Дмитрий Андреевич смотрел на мальчишек и думал, что вот обидятся, но и здесь им делать нечего, суровая партизанская жизнь не для них… А ведь и в поселке опасно. Ребята боевые, задиристые, вон ящик с гранатами у немцев из-под носа уволокли… А если бы попались? Фашисты не посмотрели бы, что дети, — на месте расстреляли бы.

— Вы нам нужнее в Андреевке, — наконец сказал он. — Теперь вместо Андрея Ивановича будете приходить на связь… — Он улыбнулся. — И дяденька от вас не будет прятаться…

— Мы к вам хотим, — обидчиво надул толстые губы Вадим. — Чего нам на станции делать? А не возьмете — мы свой отряд организуем.

— Подожжем комендатуру и окна гранатами закидаем.

— У нас красное знамя на чердаке спрятано, — сказал Павел. — Мы его вывесим на башне, когда наши придут.

— Давайте договоримся так, — заявил Дмитрий Андреевич. — Я вас зачислю в отряд, только повторяю: вы нам сейчас нужнее в Андреевке, понятно?

Мальчишки даже рты раскрыли, они никак не ожидали, что их так просто зачислят в партизанский отряд.

— А раз вы теперь партизаны, то дисциплина для вас — закон, — продолжал Абросимов. — Если я говорю, что вы нужнее там, значит, так оно и есть.
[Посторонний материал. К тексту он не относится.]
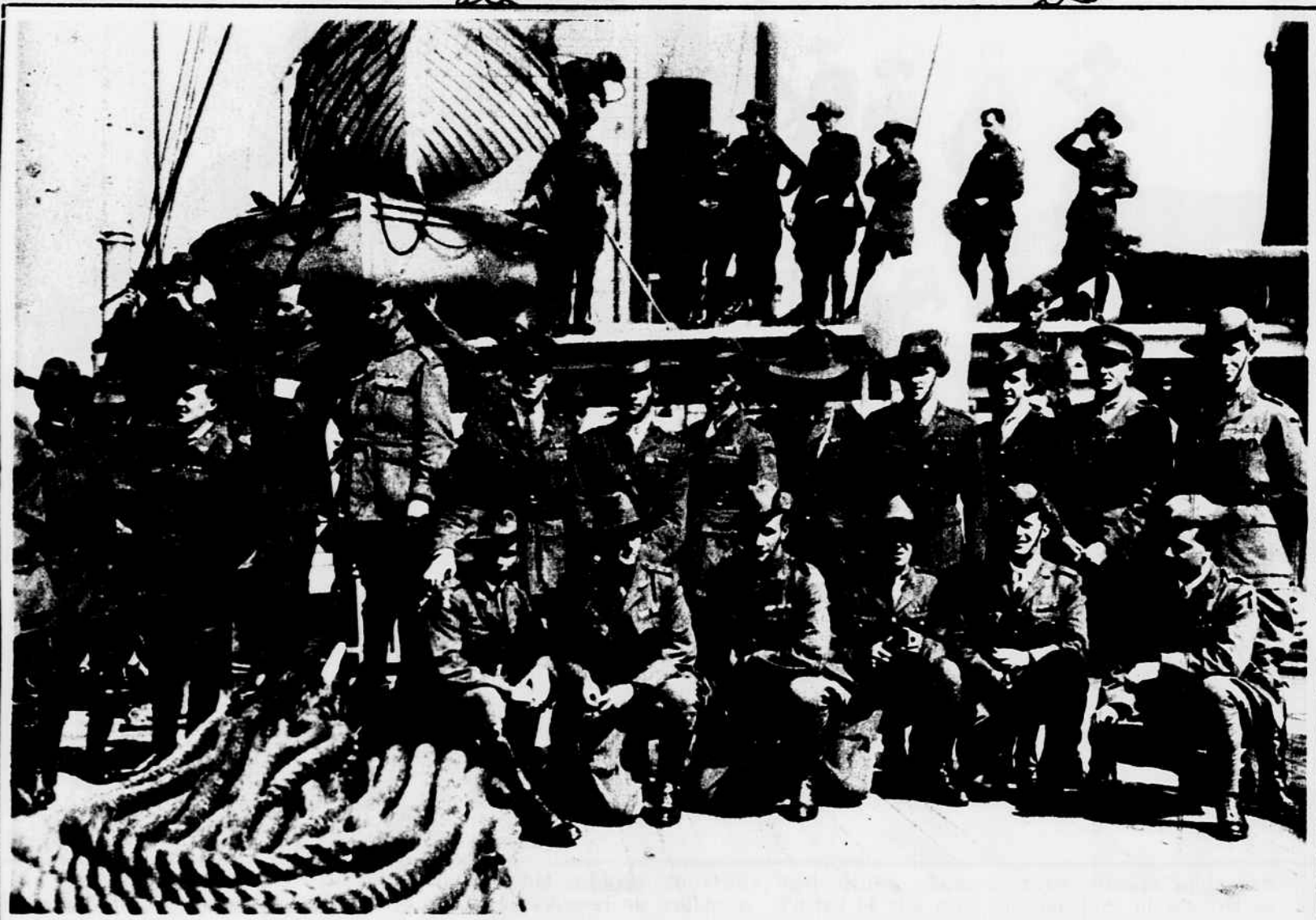
Fighting men from Australia arrive in this country to study agriculture. Ninety-seven officers and men formed the party, which will study at various American colleges. Thirty of the men are wearers of war decorations.

Будете раз в неделю приходить к той самой сосне и сообщать нам новости.

Дмитрий Андреевич понимал, что другого выхода в данной ситуации не придумаешь: раз мальчишки попали в отряд, от них так-то просто не отделаешься. Пусть считают себя партизанами — узнал бы об этом Иван Васильевич Кузнецов! — надо поручать им кое-какие задания, пока походят в связных…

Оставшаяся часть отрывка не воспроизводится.